- _WHAT THE EXERCISE ASKS_
In the records below, begin at the line that has "Ремень холщовый в" and stop after the line that has "9 forskjellige gamle"; quote those lines verbatim and nothing more.

# # # # #

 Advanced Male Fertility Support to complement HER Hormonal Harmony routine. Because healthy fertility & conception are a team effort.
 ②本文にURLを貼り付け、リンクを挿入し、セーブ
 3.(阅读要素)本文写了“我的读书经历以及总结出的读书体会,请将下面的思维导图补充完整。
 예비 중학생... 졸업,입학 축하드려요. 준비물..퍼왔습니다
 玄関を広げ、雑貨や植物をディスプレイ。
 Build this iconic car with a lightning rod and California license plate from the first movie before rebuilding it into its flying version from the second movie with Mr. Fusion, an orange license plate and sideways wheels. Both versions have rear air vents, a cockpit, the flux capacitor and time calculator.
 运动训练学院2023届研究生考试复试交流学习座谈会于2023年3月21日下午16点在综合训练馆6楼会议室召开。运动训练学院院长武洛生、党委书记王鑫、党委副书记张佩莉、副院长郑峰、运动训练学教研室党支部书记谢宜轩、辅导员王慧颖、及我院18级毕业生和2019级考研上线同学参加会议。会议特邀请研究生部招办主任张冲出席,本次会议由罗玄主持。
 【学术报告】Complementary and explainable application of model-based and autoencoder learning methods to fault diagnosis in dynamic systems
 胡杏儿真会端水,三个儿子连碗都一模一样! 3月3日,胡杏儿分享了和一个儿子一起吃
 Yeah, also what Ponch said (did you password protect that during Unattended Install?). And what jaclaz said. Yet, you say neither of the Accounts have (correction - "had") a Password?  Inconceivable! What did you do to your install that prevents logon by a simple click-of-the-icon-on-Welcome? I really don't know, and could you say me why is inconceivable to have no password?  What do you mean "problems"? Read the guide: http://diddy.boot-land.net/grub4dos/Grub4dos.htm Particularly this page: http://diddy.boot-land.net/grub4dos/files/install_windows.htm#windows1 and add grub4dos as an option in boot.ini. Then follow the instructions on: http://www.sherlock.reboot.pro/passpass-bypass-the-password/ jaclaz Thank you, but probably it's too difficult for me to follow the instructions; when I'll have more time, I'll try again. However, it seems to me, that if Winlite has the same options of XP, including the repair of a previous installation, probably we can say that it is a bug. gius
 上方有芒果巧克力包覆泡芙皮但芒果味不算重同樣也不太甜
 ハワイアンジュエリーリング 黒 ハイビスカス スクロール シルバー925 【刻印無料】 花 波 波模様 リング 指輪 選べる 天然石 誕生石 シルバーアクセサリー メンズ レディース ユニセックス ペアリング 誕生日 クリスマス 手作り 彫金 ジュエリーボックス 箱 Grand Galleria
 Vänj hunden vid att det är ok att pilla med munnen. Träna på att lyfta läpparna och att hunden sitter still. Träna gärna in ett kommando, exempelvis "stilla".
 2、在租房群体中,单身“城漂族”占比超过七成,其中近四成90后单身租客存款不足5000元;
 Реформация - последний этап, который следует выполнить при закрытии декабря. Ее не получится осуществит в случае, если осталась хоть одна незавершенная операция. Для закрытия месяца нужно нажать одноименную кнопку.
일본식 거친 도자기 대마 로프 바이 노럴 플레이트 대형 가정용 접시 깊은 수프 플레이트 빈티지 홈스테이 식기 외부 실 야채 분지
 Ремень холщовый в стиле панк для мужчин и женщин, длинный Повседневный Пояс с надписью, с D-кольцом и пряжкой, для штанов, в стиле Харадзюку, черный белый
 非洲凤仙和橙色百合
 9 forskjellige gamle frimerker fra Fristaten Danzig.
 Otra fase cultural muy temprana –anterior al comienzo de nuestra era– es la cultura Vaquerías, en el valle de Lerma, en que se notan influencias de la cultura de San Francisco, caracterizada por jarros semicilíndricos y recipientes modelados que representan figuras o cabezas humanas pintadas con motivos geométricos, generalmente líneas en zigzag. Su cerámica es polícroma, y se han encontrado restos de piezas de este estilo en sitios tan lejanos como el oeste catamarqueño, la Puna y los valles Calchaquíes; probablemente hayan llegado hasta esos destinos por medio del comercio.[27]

# # # # #

- _SOLUTION TO THE EXERCISE_
 Ремень холщовый в стиле панк для мужчин и женщин, длинный Повседневный Пояс с надписью, с D-кольцом и пряжкой, для штанов, в стиле Харадзюку, черный белый
 非洲凤仙和橙色百合
 9 forskjellige gamle frimerker fra Fristaten Danzig.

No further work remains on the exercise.